SAGE-fmt/data/example-tree> git clone https://github.com/<username>/<cloned-repo>

2. Generating ASTs

The main interface can be configured through a .yaml file, which contains the following properties:

run:
    preprocess: True         # If flag is passed, the ASTs will be re-generated. Otherwise, the script will load pre-generated AST
    verbose: True
paths:
    datadir: "../data"       # Path to the top level data directory.
    name: "code-example"      # Identifier for the mined directory.
    folder: "raw"            # Raw code folder identifier.
    pregenpath: "AST"        # Pre-generated AST folder identifier.
experiment:
    train_ratio: 0.8         # At a file level, fraction of training samples
    val_ratio: 0.2           # At a file level, fraction of validation samples
    graph_type: "test" # Graph granularity level ("file_graph" for one graph per file, "project_graph" for one large graph)
    train_files: ['']          # Directory of files to build the training graph(s) from
    test_files: ['main']        # Directory of files to build the test graph(s) from
    dense: False

Many examples of configuration files are provided in the src directory.
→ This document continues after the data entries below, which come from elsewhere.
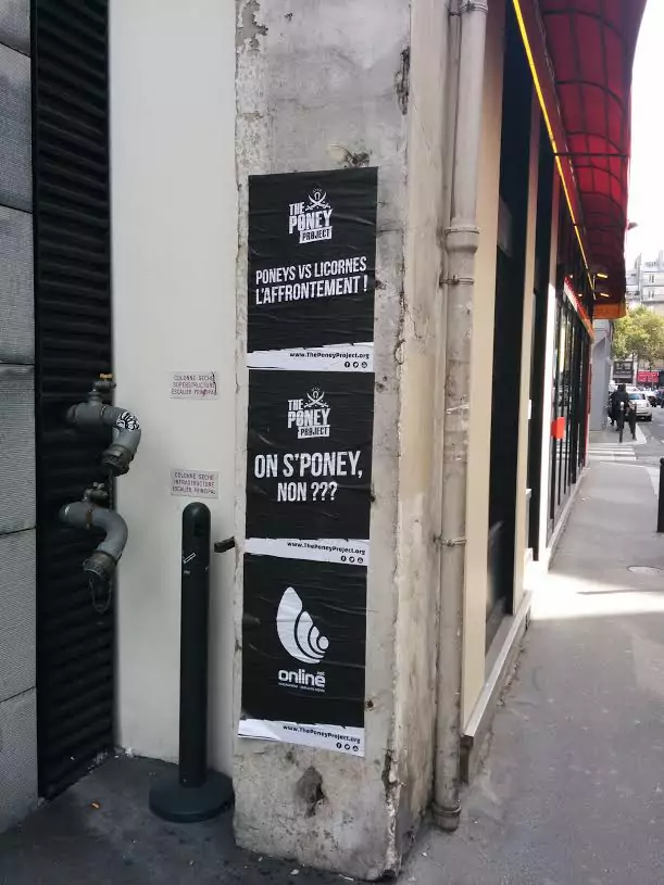 C’est le 25 septembre prochain, au cours d’une soirée organisée dans un lieu tenu secret, que sera révélé« The Poney Project ». Et si les organisateurs de ce buzz ne se dévoilaient pas complètement jusqu’alors, ou uniquement sous leurs pseudos issus d’équidés plus ou moins célèbres, il est maintenant indiqué « Online.net » sur la communication. C’est ce qu’ont pu constater ce matin des salariés de Free, sur des affiches ou encore des pochoirs, déposés rue de la Ville L’Evêque, devant le siège d’Iliad. C’est donc bien la filiale hébergement d’Iliad qui annoncera ce qu’est son projet le 25 septembre.
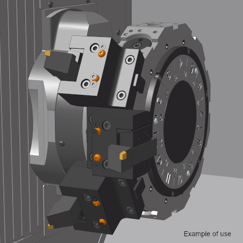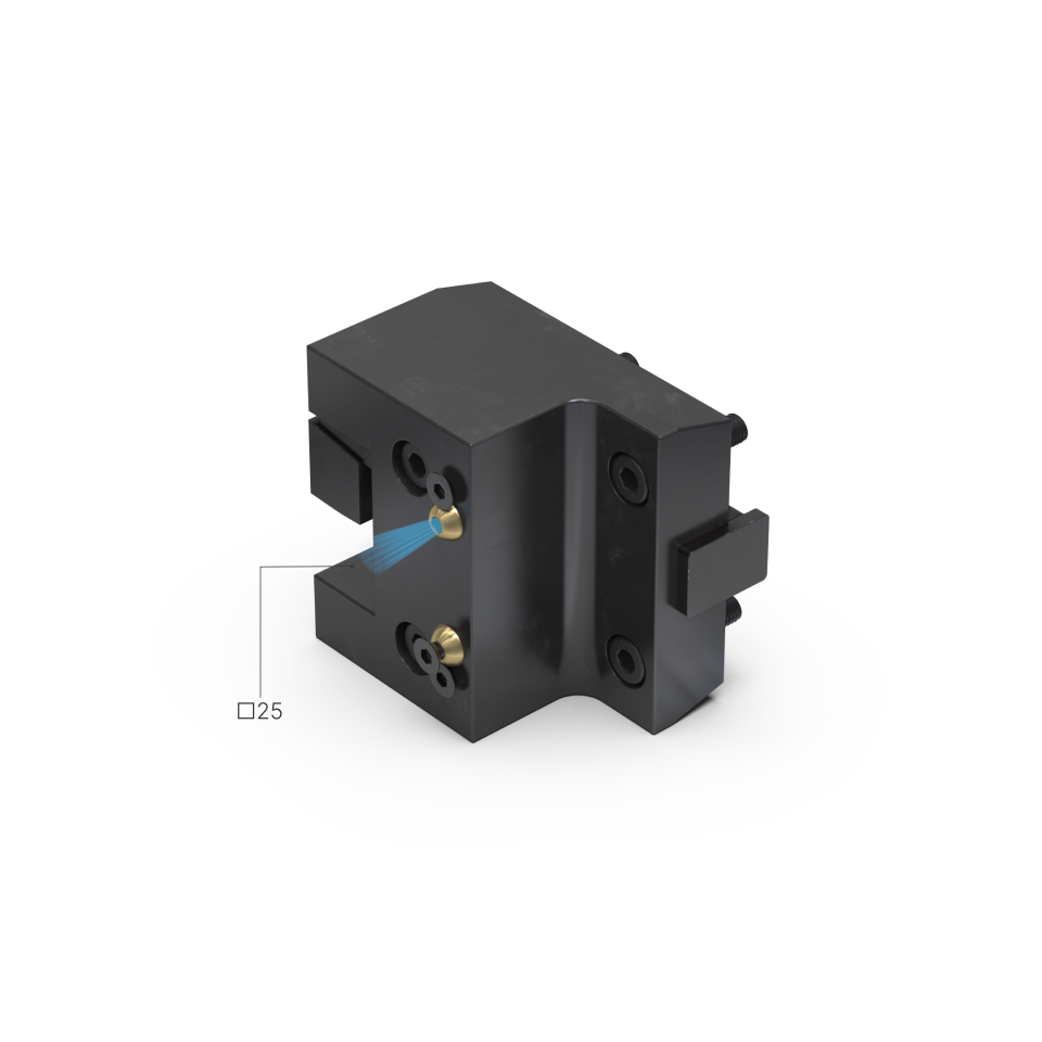 - The toolholder is equipped with two adjustable coolant nozzles - one for each mounting option: the tool facing the left or the right spindle.
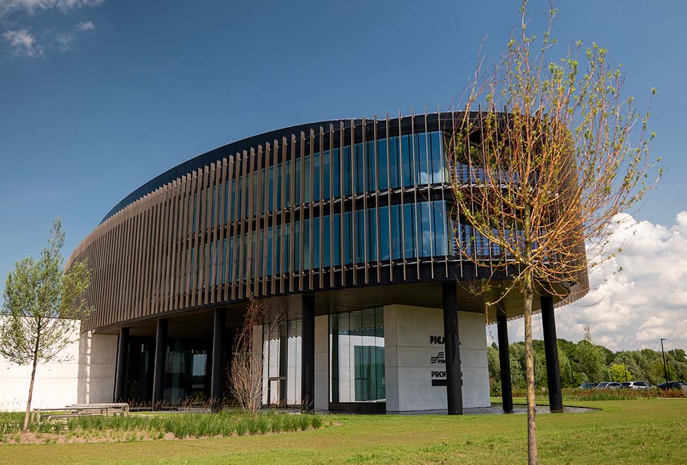 In Ieper verrijst een nieuw herkenningspunt: het hoofdkantoor van Picanol Group. Een gebouw dat niet zomaar kantoren huisvest, maar een verhaal vertelt – van innovatie, precisie en licht. De elliptische spoelvorm, glanzend in goud, lijkt te ademen met het daglicht. Die levendige gevel dankt zijn karakter aan één subtiel maar bepalend element: de DucoSun Cubic lamellen van DUCO.
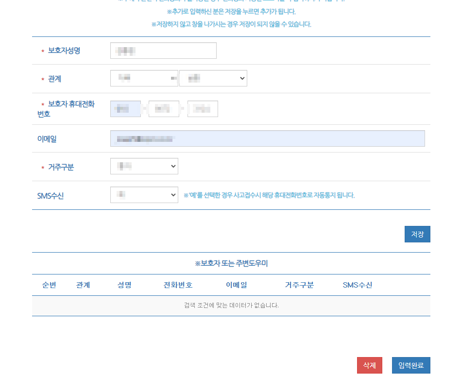 ▶ Step03. 보호자 및 주변도우미 정보 입력
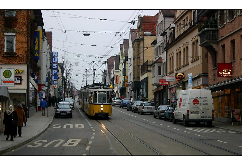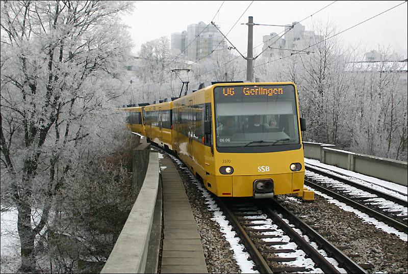 Die Straßenbahn über ihrer Stadt - GT4-Triebwagen der Stuttgarter Linie 15 auf der Pischekstraße. 13.01.2006 (M)
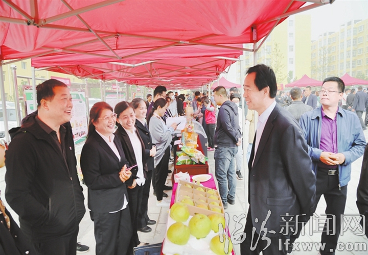 市人大常委会副主任、汾西县委书记任天顺在展销会现场询问农产品市场前景
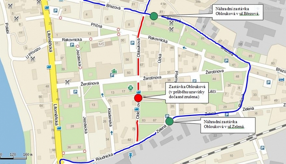V nejbližších dnech dojde k uzavření Obloukové ulice mezi ulicí Březová a Zelená také pro autobusy městské hromadné dopravy. Zastávky budou vedeny po objízdné trase vyznačené na přiložené mapce. Uzavírky a dopravní omezení ulic na Starém Městě se mění podle probíhajících prací Revitalizace sídliště Staré Město v rámci projektu IPRM. Projekty, které jsou v současné době schváleny, by měly dokončeny do konce letošního roku.
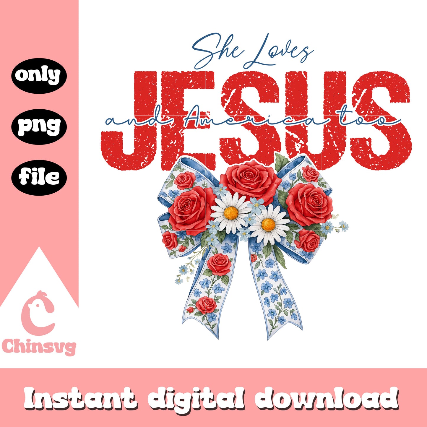 She loves Jesus america rose bow png is a product of our 4th of July collection. Get ready to celebrate America’s Independence Day in style with our 4th of July SVG Collection! Packed with bold red, white, and blue designs, this collection features patriotic graphics, fun quotes, fireworks, flags, and more. Perfect for DIY apparel, party decorations, and personalized gifts that light up the holiday spirit!
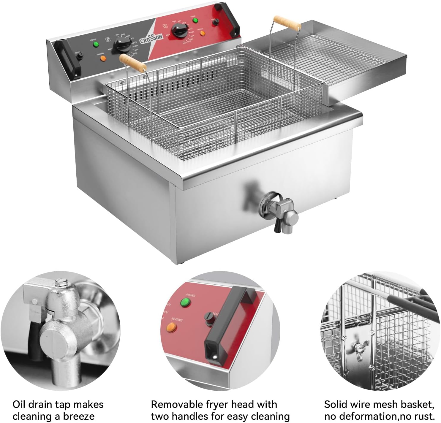 CROSSON 24Lbs Electirc Triple Basket Turkey Fryer With Oil Drain Spout,Oil Drain Rack,Commercial Countertop Donut Deep Fryer To Fry a Whole Fish or Turkey
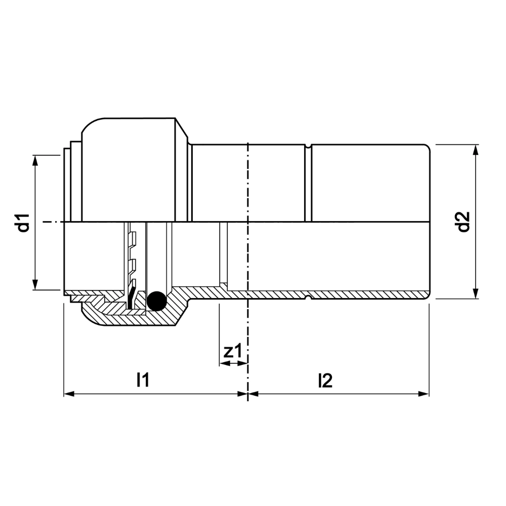 • Ø28x15 – Ø1: 15.0 mm, DN1: DN12, L1: 22 mm | Ø2: 28.0 mm, DN2: DN25, L2: 33 mm
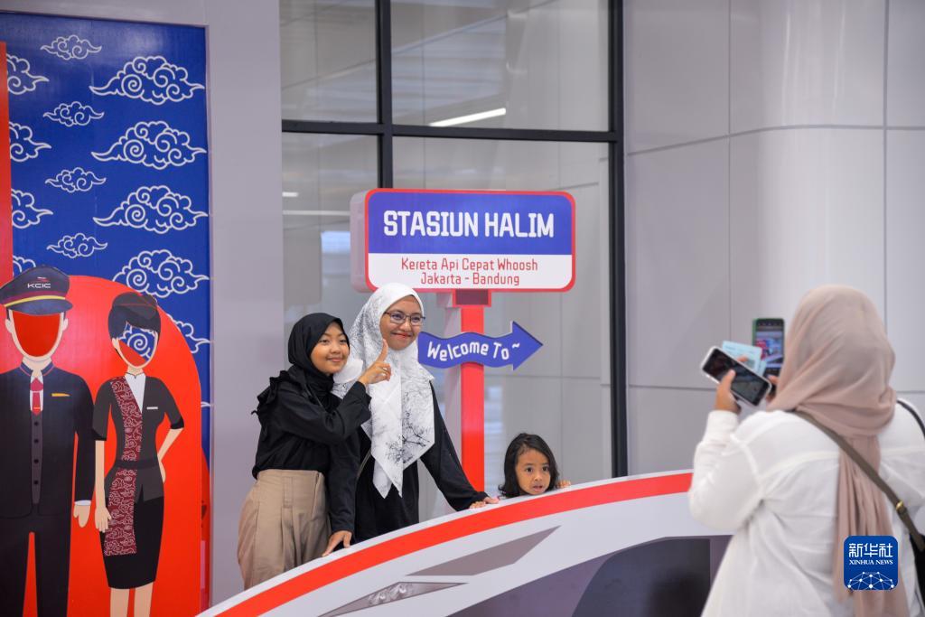 11月5日,在印度尼西亞雅加達哈利姆站,人們在一處“打卡處”拍照。
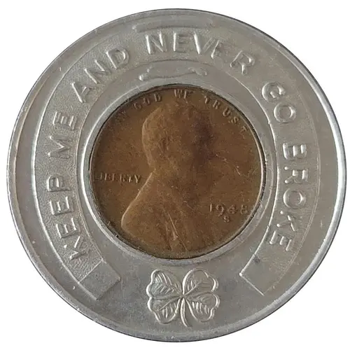 | Reverse description | KEEP ME AND NEVER GO BROKE On a horseshoe surrounding this bronze cent in the center with a shamrock at the base of the horseshoe |
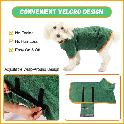 Dit badpak voor huisdieren is gemaakt van zacht, ademend polyester dat snel water absorbeert en helpt je meer tijd te besparen bij het verzorgen van je huisdier na een regenachtig bad, douche of wandeling om te voorkomen dat ze koud worden of stinken.
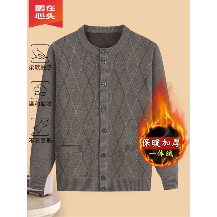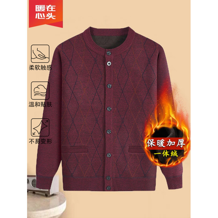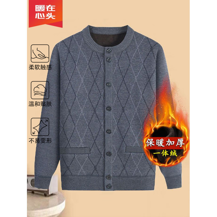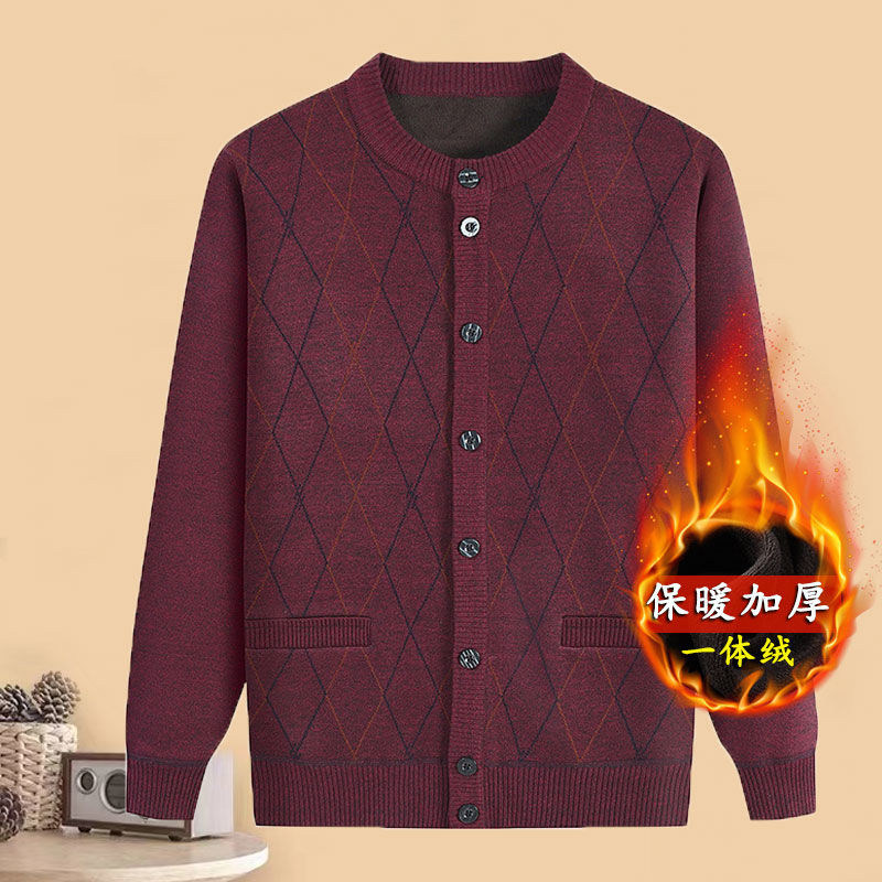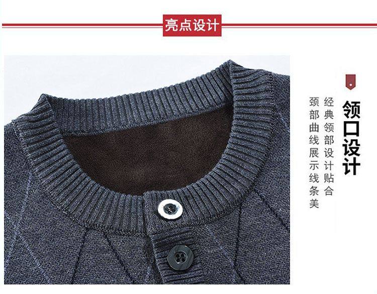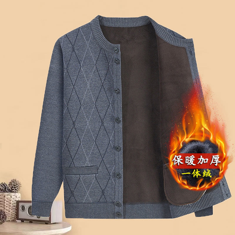 中老年爸爸開衫秋冬新款毛衣加絨針織衫老人男士外套爺爺保暖長袖
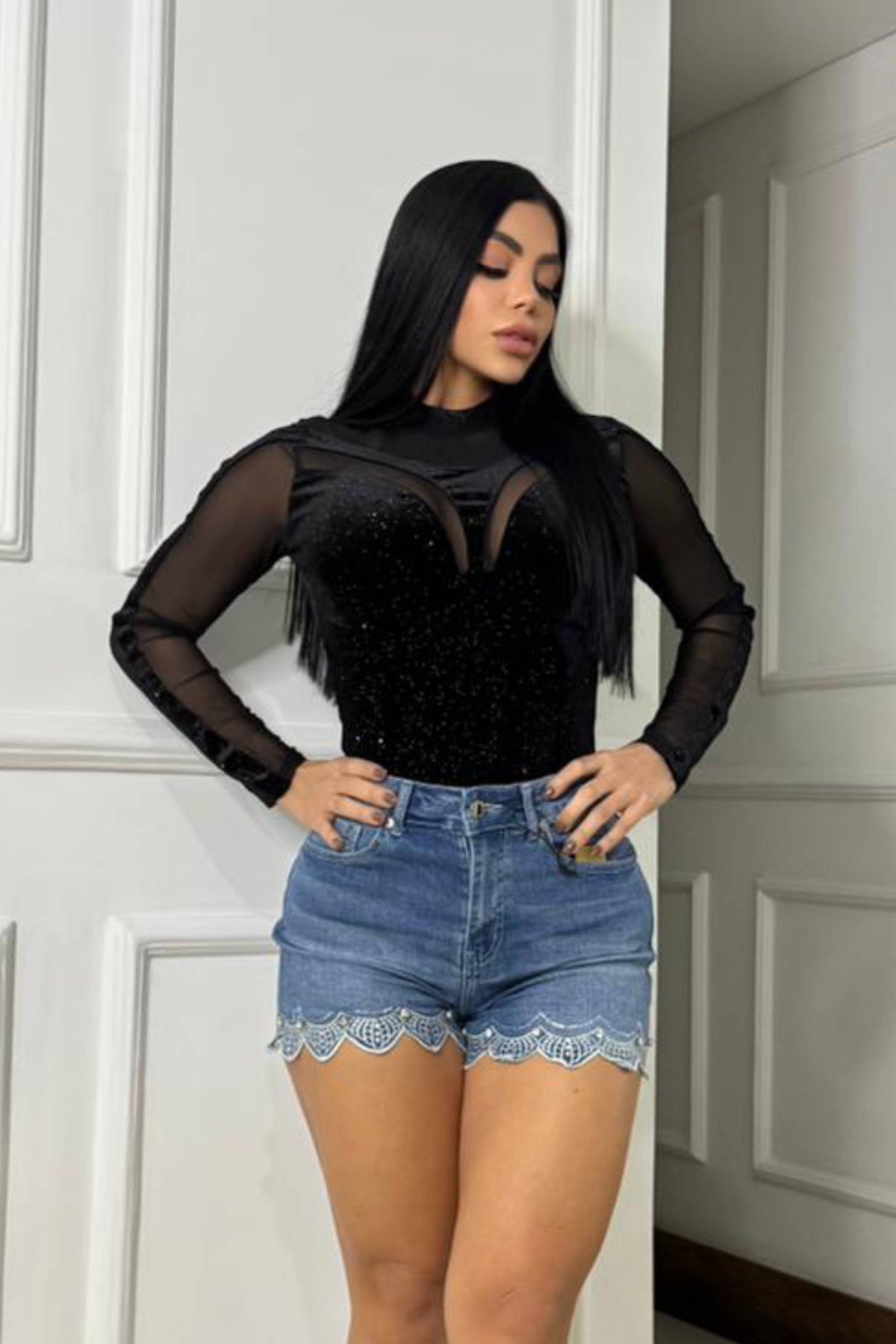 Short con cortes en ondas con tejido y piedras con bolsillos funcionales en la parte trasera y delantera
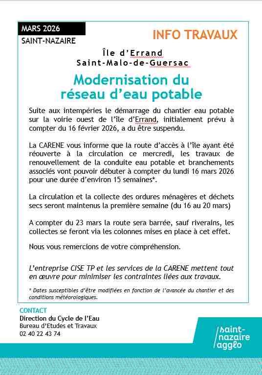 La CARENE vous informe que la route d’accès à l’île ayant été réouverte à la circulation ce mercredi, les travaux de renouvellement de la conduite eau potable et branchements associés vont pouvoir débuter à compter du lundi 16 mars 2026 pour une durée d’environ 15 semaines*.

The main interface then runs several consecutive actions, none of which should require much configuration for most usecases:

  1. Crawl the desired repository to collect the paths of .py source files.
  2. Parse the files to generate a valid AST (done with astor)
  3. Save the generated AST in two formats
    1. .txt: Pretty-printed string representation
    2. .ast: Pickle holding a valid AST Python object

3. Manipulating the generated ASTs

Run main.py that first crawls all the python files in the raw code directory, constructs an AST for each file and pass the list of ASTs to generate_json() function in ast_networkx.py, which in turn traverses each AST in DFS manner, extracts features (AST node type), converts the AST into a networkx graph and finally merges all the graphs together into one.

The experiment fields of the configuration file contains mosst of the possible configuration options, including the specification of particular paths for training and test graphs, the ability to densify the graphs, ...

(Optional) To profile the computation cost of the process, run the script with cProfile flag and save the output into a txt file that can later be parsed with pstats:

SAGE-fmt/src> python -m cProfile -o [output txt file] main.py [arguments as mentioned above]
SAGE-fmt/src> python parse_profiling_output.py > [readable output file]

The output Format

The library will produce the following files:

  • <prefix>-feats.npy : A numpy array containing, for each node, the set of specified features.
  • <prefix>-id_map.json : A map of unique identifiers to nodes identifiers in the generated graph.
  • <prefix>-file_map.json : A map of root nodes to the source code files they connect.
  • <prefix>-source_map.json : A map of node identifiers to positions in the original source files (line and column indices).
  • `-G.json : A networkx compatible graph of the generated AST.
  • <prefix>-var_map.json : A map of extracted variable name literals to their respective node identifiers.
  • <prefix>-func_map.json : A map of extracted method name literals to their respective node identifiers.